Global Economy
U.S.A: The U.S. labor market rebounded in November as nonfarm payrolls surged by 227,000, exceeding expectations of 200,000 and reflecting recovery from hurricanes and strikes that disrupted hiring in October. The unemployment rate, however, ticked up to 4.2%, driven by a decline in household employment and a drop in the labor force participation rate to 62.5%. Job gains were widespread, led by healthcare, leisure & hospitality and manufacturing. Notably, wage growth remained robust, with average hourly earnings rising by 4.0% y/y. The average workweek also increased to 34.3 hours, contributing to a 0.8% rise in aggregate payroll income, which bodes well for consumer spending. The probability of a Federal Reserve rate cut at its December meeting rose to 89%, reflecting optimism about the economy’s expansion amidst easing inflationary pressures.
Sub-Saharan African Economies
Euro Area: The Eurozone’s GDP growth in Q3 2024 climbed to 0.4% q/q, marking the strongest growth in two years, according to Eurostat’s third estimate released Friday. This robust performance, fueled by increased household and government spending alongside higher inventories, exceeded the 0.2% growth recorded in Q2. However, net trade slightly dampened the gains, with exports falling 1.5% while imports rose 0.2%. On a y/y basis, GDP growth stood at 0.9%, up from 0.5% in the previous quarter. Ireland led with a remarkable 3.5% quarterly growth, while Spain grew by 0.8%, benefiting from a strong labor market and booming tourism. France and Germany saw growth of 0.4% and 0.1%, respectively, with Germany narrowly avoiding a recession despite persistent challenges such as rising energy costs and competitive pressure from Chinese manufacturers. Analysts suggest this better-than-expected growth may influence the European Central Bank’s decision to favor a 25-basis-point rate cut over a more aggressive approach.

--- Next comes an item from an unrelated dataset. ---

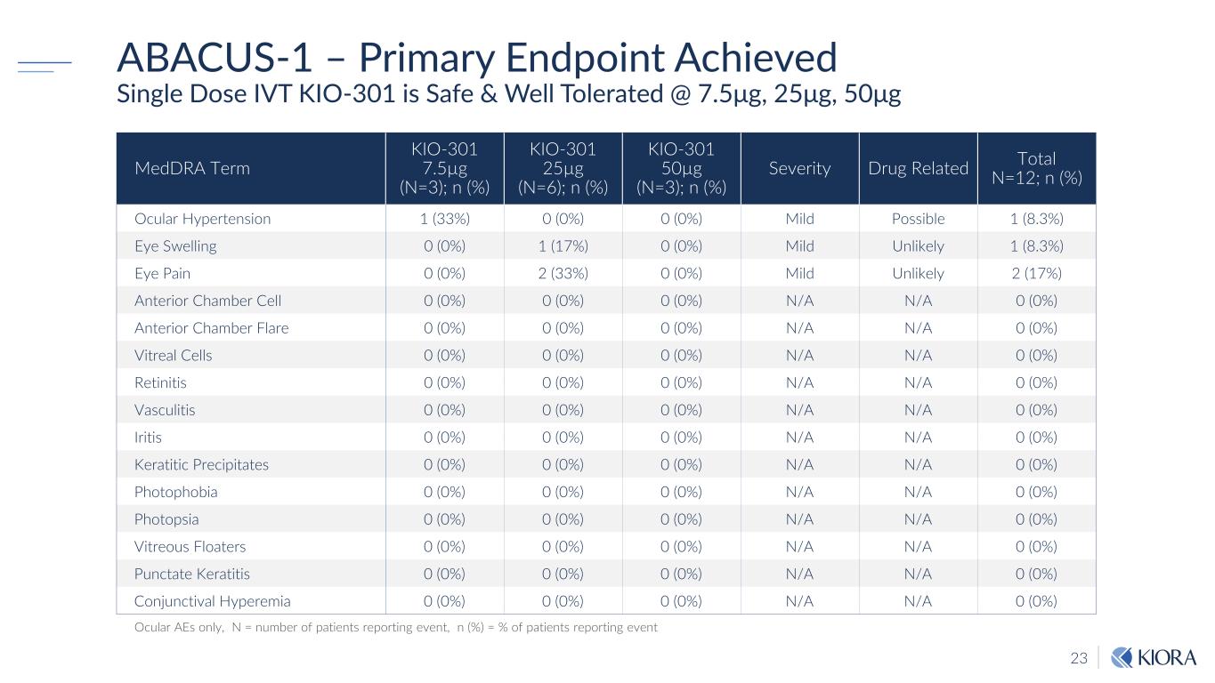 22 KIO-301: Phase 1b Study Design (ABACUS) Open Label, Single Ascending Dose Trial – 2 Sites (Australia) Two Cohorts, non-randomized, open-label, single IVT injection per eye Cohort 1 – NLP/BLP patients; Cohort 2 – HM/CF patients Primary – AEs, PK & labs Secondary – Assessment days (shown only for Cohort 1 above) is repeated for each cohort per eye; intensity & contrast assessment, kinetic perimetry, functional MRI, etc. Safety review conducted by Investigators between after sentinel subject Study Design Endpoints Review N=6 3/cohort Binocular Day 90 Cohort 1: KIO-301 (7.5 µg) Day -30 to -2 Visit 1-Screening Day 29-30 Visit 5 Day 60 Day 120 Cohort 1: KIO-301 Contralateral (25 µg) Cohort 2: KIO-301 (25 µg) Cohort 2: KIO-301 Contralateral (50 µg) Day 1-3 Visit 2 Day 7-8 Visit 3 Day 14-15 Visit 4 Day -120 to -30 fMRI feasibility NLP – No Light Perception, BLP – Bare Light Perception, HM – Hand Motion, CF – Counting Fingers

Ghana: Ghana’s annual inflation rose to 23% in November 2024, driven by surging food prices, while monthly inflation jumped 2.6%. With elections on December 7, the cost-of-living crisis is a key voter concern.
Nigeria: Nigeria returned to the international debt market after two years, raising $2.2 billion through a dual-tranche Eurobond issuance. The offering included a $700 million 6.5-year bond at 9.625% and a $1.5 billion 10-year bond at 10.375%. Despite high rates, strong investor interest saw orders surpass $9 billion, signalling confidence in Nigeria’s economic prospects.
Kenya: Kenya’s central bank cut its benchmark rate by 75 basis points to 11.25%, its third consecutive reduction, to stimulate growth amid slowing economic activity. Inflation remains low at 2.8%, supported by stable food and fuel prices.
Domestic Economy
Major updates during the week:
- Nigeria’s total capital importation dropped by 51.9% to $1.25 billion in Q3 2024, despite a surge in FDI to $103.82 million, with FPIs dominating at 71.79% and the banking sector leading inflows.
- The CBN launched the electronic foreign exchange matching system (EFEMS) to curb FX market distortions, supported by a $2.2bn Eurobond issuance and festive remittance inflows, which strengthened the naira to ~₦1,500/USD, though long-term stability hinges on structural reforms.
- Nigeria’s manufacturing PMI rose to 49.6 in November 2024, reflecting improved orders and output but remaining below 50 for the fifth consecutive month.
Nigerian equity market: NGX rebounds into bullish territory this week amid sector-wide buying interest
The Nigerian stock market closed the week bullish, driven by strong buying interests in MTNN, SEPLAT, ACCESSCORP, and GTCO, which outweighed selloffs in ARADEL, ZENITHBANK, and FCMB. The All-Share Index (ASI) rose 0.72% to 98,210.75 points, while market capitalization increased by ₦318.59 billion to ₦59.22 trillion. Top gainers included WAPCO (+27.59%), BETA GLASS (+16.31%), and SEPLAT (+7.55%). All five major sectoral indexes closed positive, with the insurance sector lead
Nigerian fixed-income market: Treasury market sees rising yields despite robust subscriptions
The treasury bills market closed the week on a bearish note as average yields rose by 56bps, despite inflows from unmet auction demand into the secondary market. The Debt Management Office (DMO) offered ₦583.25bn in treasury bills during the week, attracting a total subscription of ₦2.58 trillion, with the 364-day paper dominating at ₦2.52 trillion. Eventually, the DMO sold ₦756.71 billion, exceeding the initial offer by 30%, reflecting robust investor appetite for longer-term instruments. Similarly, the FGN bond market traded quietly during the week as attention shifted to the NTB Primary Market Auction (PMA). Despite subdued trading activity, the bond market closed bearish, with average yields dipping marginally by 3bps.